### Try it
I would like the lines below, from the one with "A world map" through the one with "随后,江宇靖老师进行了述职报", copied exactly and without any pictures.

### Material to process
=== Section Start ===
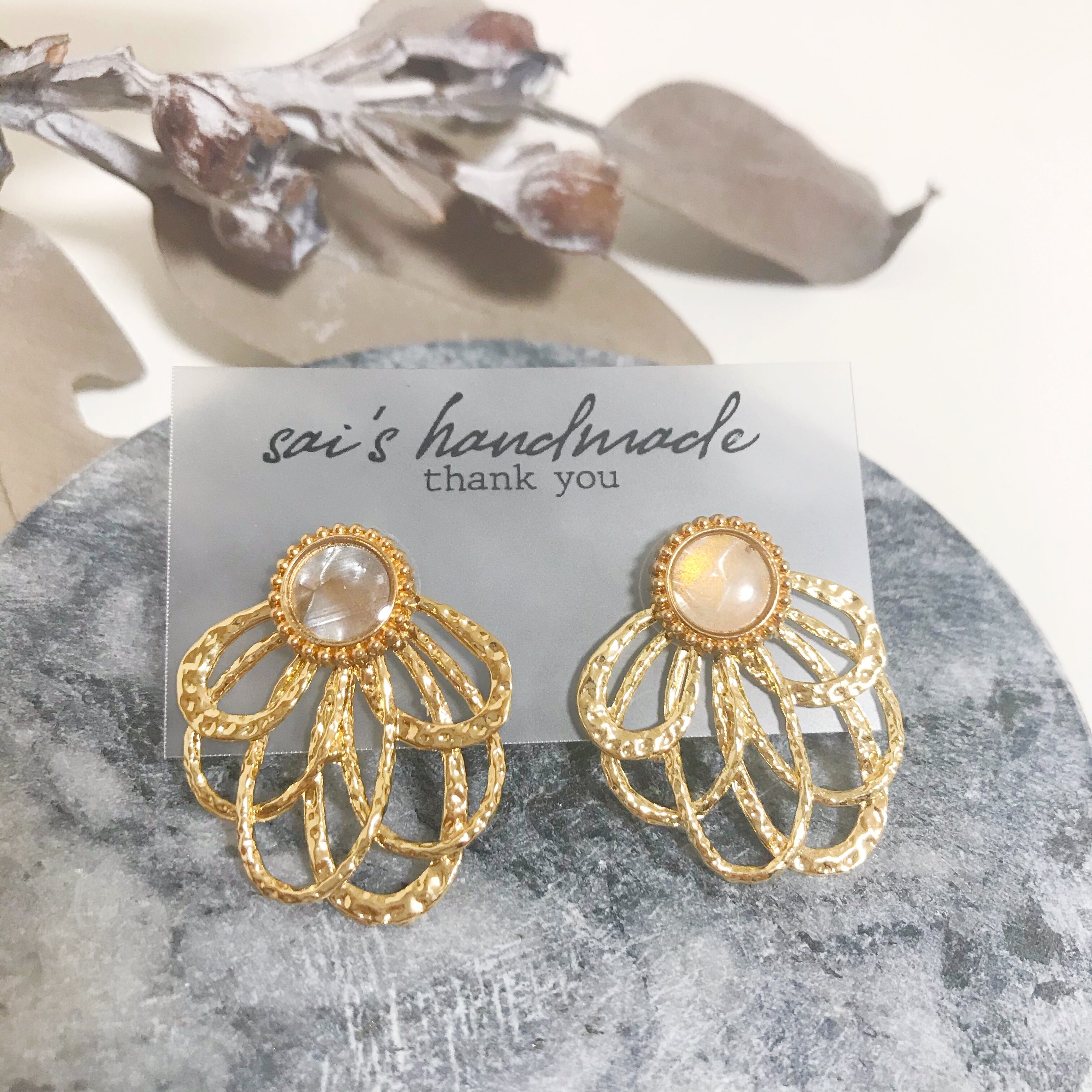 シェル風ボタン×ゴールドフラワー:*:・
=== Section End ===
=== Section Start ===
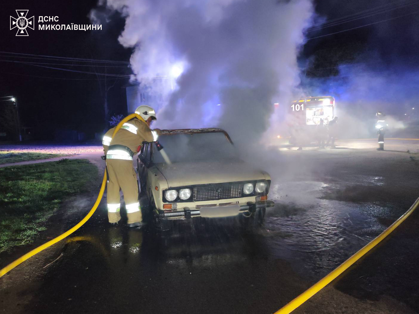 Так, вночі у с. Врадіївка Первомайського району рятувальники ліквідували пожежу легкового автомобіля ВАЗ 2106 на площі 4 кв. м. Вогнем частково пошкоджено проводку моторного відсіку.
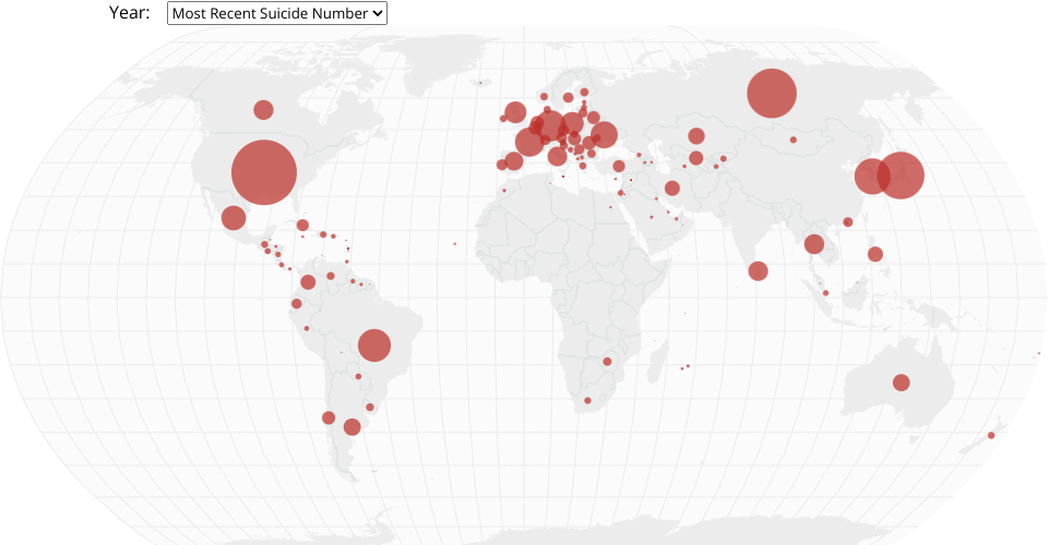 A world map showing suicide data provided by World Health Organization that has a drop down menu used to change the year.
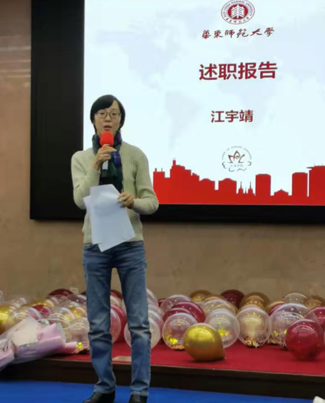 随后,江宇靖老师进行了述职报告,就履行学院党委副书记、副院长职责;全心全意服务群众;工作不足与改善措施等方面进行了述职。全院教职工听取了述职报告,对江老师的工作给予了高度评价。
=== Section End ===
=== Section Start ===
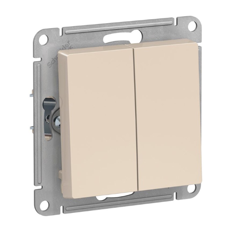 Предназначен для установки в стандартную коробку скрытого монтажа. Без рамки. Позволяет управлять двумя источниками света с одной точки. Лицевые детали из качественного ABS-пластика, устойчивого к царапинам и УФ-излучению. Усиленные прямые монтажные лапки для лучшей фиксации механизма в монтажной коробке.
=== Section End ===
### The completed task
 A world map showing suicide data provided by World Health Organization that has a drop down menu used to change the year.
 随后,江宇靖老师进行了述职报告,就履行学院党委副书记、副院长职责;全心全意服务群众;工作不足与改善措施等方面进行了述职。全院教职工听取了述职报告,对江老师的工作给予了高度评价。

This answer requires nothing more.